▸ **Data shown**:
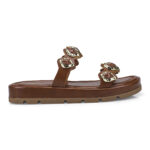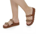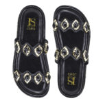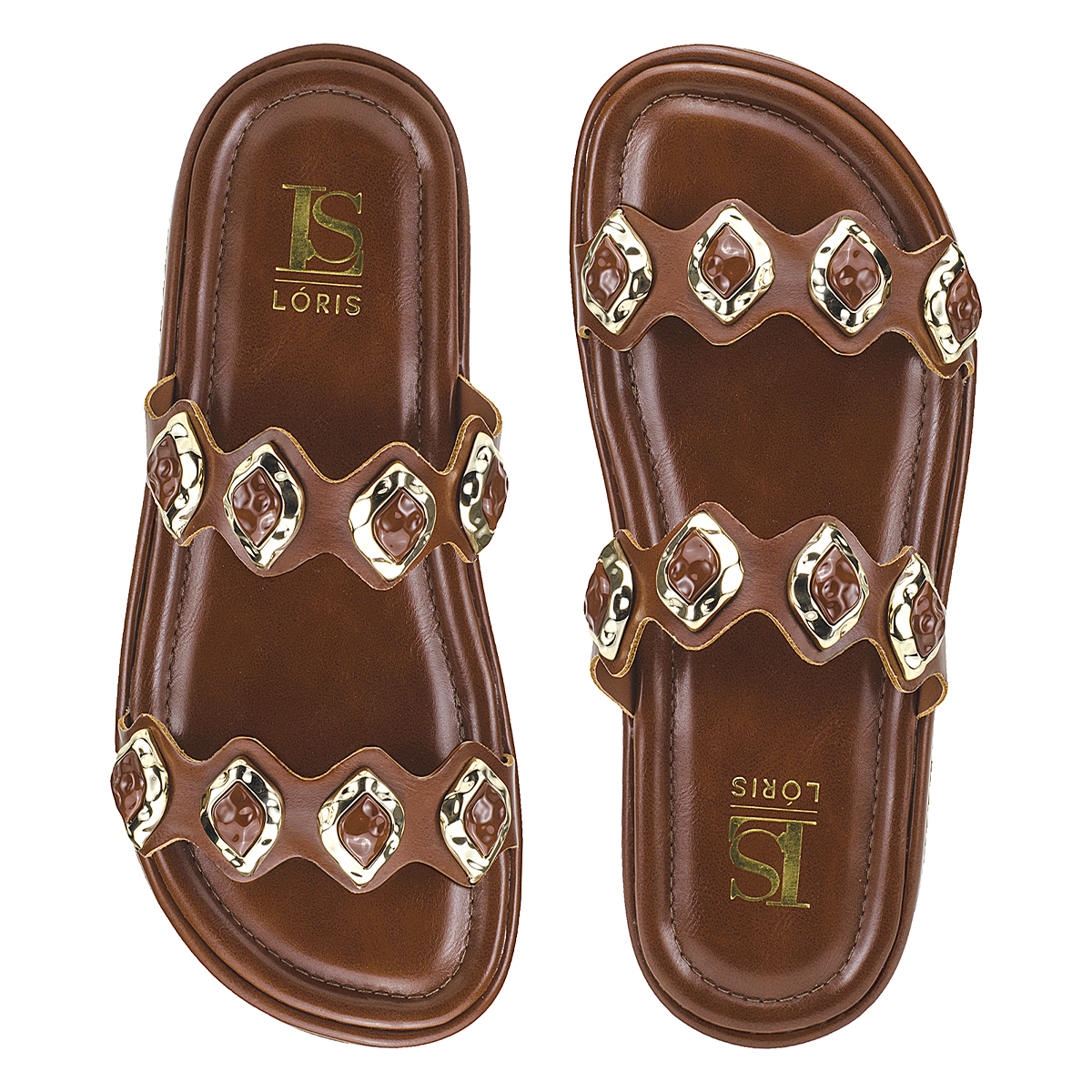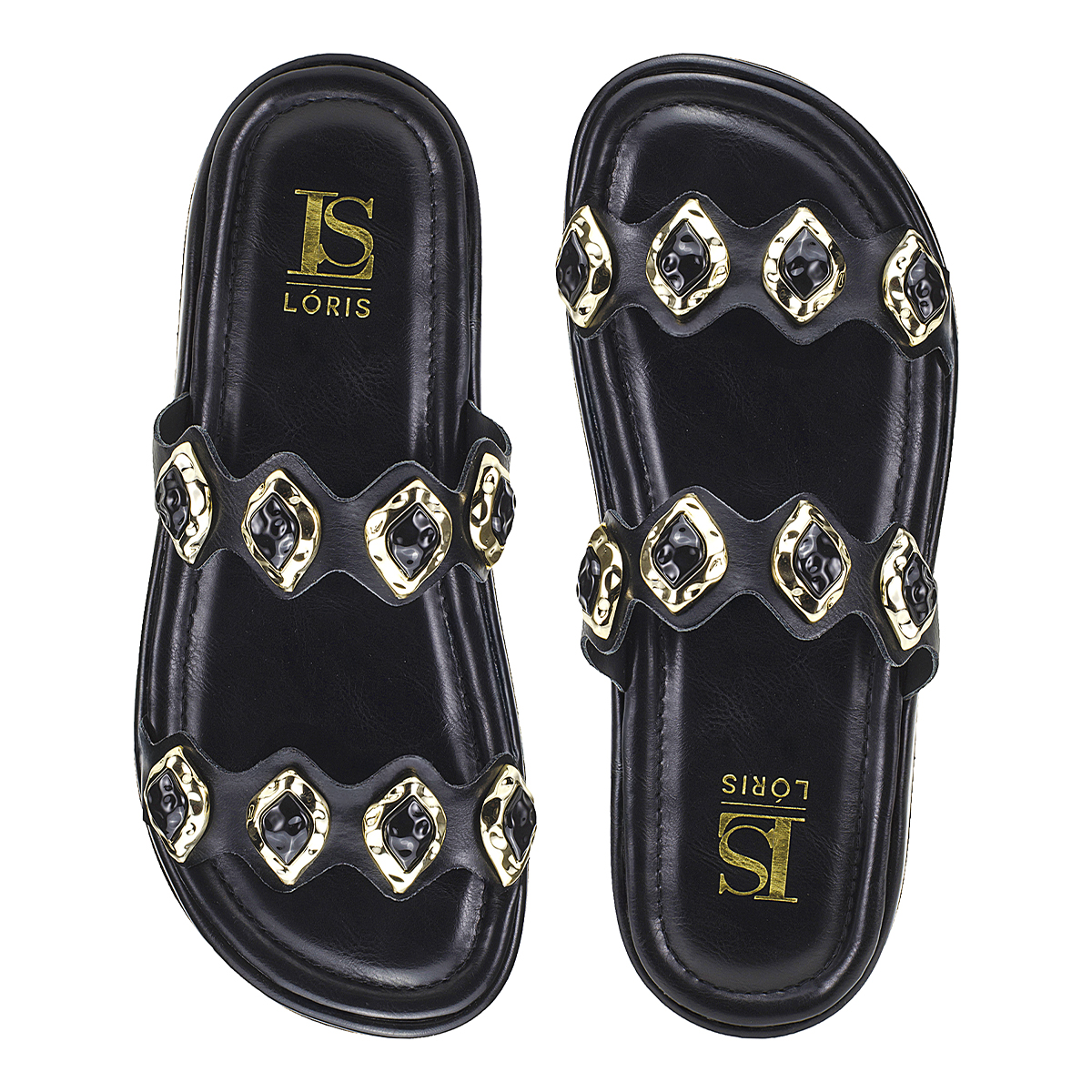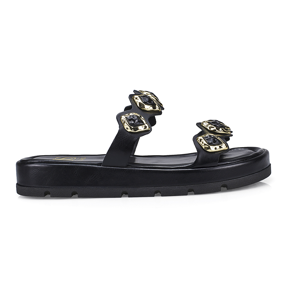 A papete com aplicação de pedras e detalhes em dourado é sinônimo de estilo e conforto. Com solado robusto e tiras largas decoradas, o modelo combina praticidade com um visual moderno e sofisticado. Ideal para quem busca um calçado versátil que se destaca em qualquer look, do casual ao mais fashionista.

--

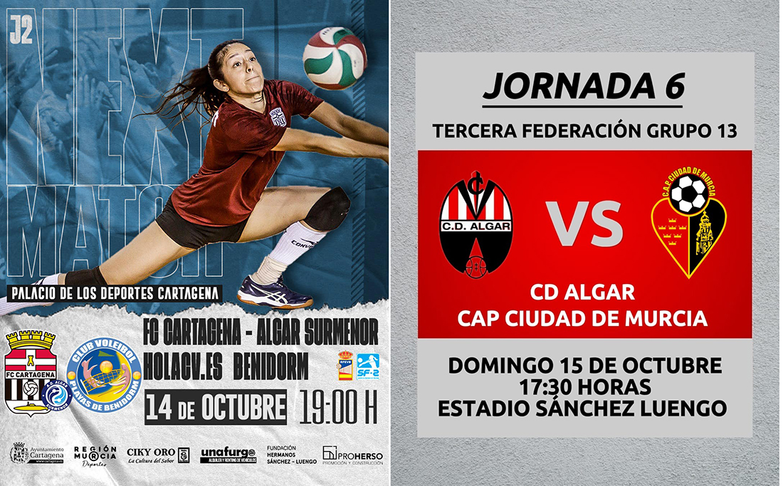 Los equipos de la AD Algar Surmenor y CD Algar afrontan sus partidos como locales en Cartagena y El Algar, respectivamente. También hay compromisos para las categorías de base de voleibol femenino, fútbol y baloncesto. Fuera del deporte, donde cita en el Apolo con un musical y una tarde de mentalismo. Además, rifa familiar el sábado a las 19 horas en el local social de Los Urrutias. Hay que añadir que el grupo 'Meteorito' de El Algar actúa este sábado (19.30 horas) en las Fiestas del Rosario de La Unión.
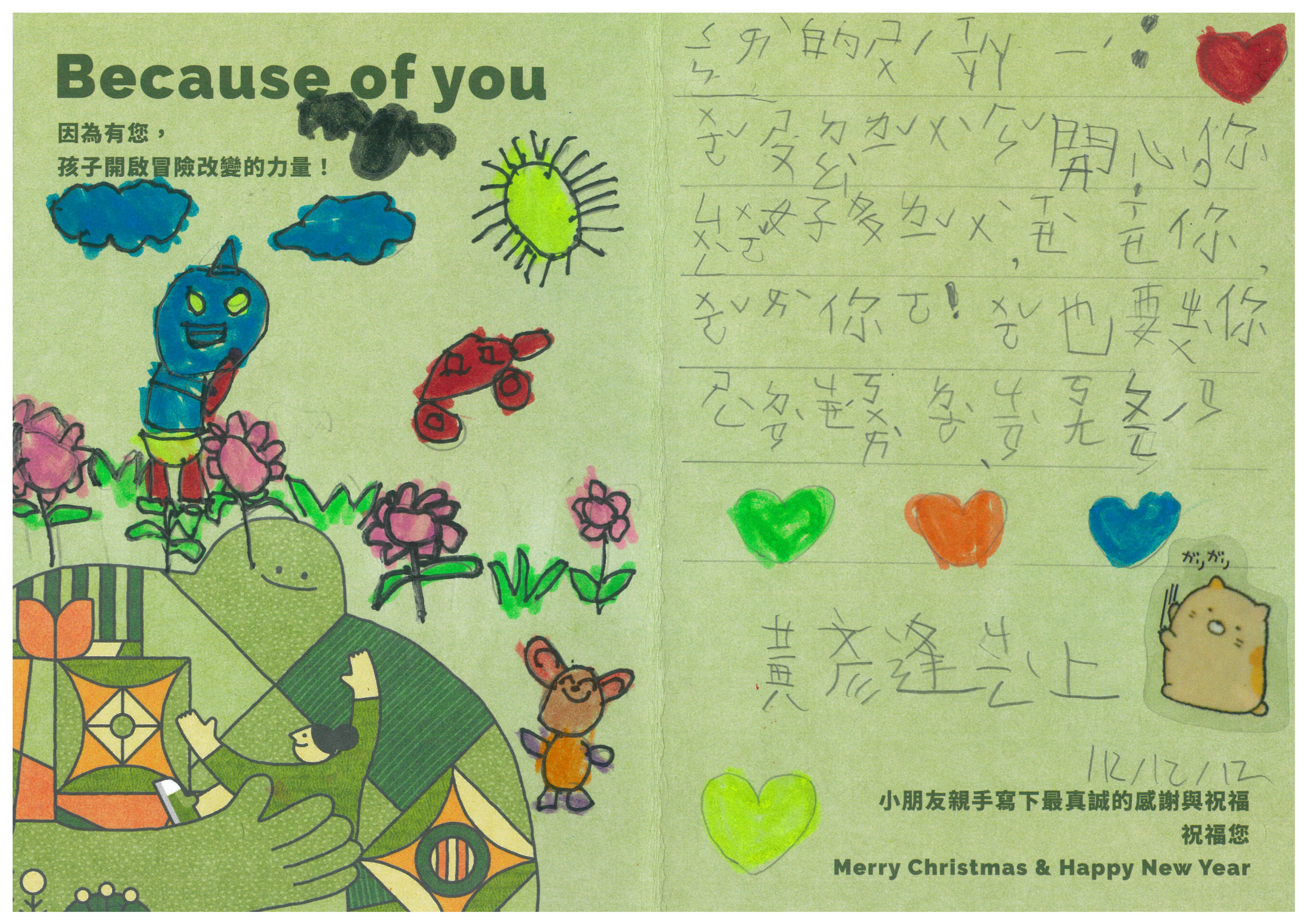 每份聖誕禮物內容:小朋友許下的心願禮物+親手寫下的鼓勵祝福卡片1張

==

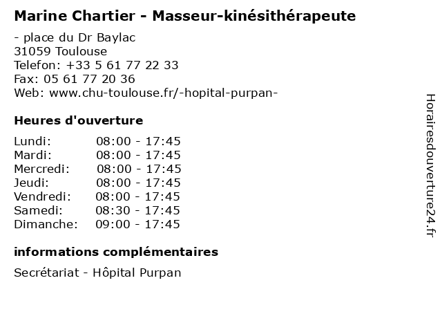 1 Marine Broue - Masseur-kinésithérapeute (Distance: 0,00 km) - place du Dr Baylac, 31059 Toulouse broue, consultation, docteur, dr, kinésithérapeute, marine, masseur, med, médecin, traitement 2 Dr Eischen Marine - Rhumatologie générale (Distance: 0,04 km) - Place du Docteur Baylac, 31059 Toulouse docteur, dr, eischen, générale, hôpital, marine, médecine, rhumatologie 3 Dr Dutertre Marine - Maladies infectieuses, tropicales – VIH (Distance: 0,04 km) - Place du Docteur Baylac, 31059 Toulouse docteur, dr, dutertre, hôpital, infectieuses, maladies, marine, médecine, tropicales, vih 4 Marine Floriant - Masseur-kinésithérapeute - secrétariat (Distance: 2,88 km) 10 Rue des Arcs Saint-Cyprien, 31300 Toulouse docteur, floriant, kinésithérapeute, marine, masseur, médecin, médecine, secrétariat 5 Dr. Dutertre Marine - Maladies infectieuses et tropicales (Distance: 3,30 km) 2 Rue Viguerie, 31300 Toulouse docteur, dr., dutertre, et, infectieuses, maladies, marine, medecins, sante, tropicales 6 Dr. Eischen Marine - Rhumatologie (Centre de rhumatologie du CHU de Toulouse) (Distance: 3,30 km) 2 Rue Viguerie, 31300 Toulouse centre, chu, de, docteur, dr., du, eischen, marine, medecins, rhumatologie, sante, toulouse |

▸ **Goal of the exercise**: Look above for the line with "Los equipos de" and the line with "每份聖誕禮物內容:小朋友許下的心願禮物+親手寫下的鼓勵祝福卡片1張". Output those two and everything between them exactly, pictures excluded.

▸ **Task response**:
 Los equipos de la AD Algar Surmenor y CD Algar afrontan sus partidos como locales en Cartagena y El Algar, respectivamente. También hay compromisos para las categorías de base de voleibol femenino, fútbol y baloncesto. Fuera del deporte, donde cita en el Apolo con un musical y una tarde de mentalismo. Además, rifa familiar el sábado a las 19 horas en el local social de Los Urrutias. Hay que añadir que el grupo 'Meteorito' de El Algar actúa este sábado (19.30 horas) en las Fiestas del Rosario de La Unión.
 每份聖誕禮物內容:小朋友許下的心願禮物+親手寫下的鼓勵祝福卡片1張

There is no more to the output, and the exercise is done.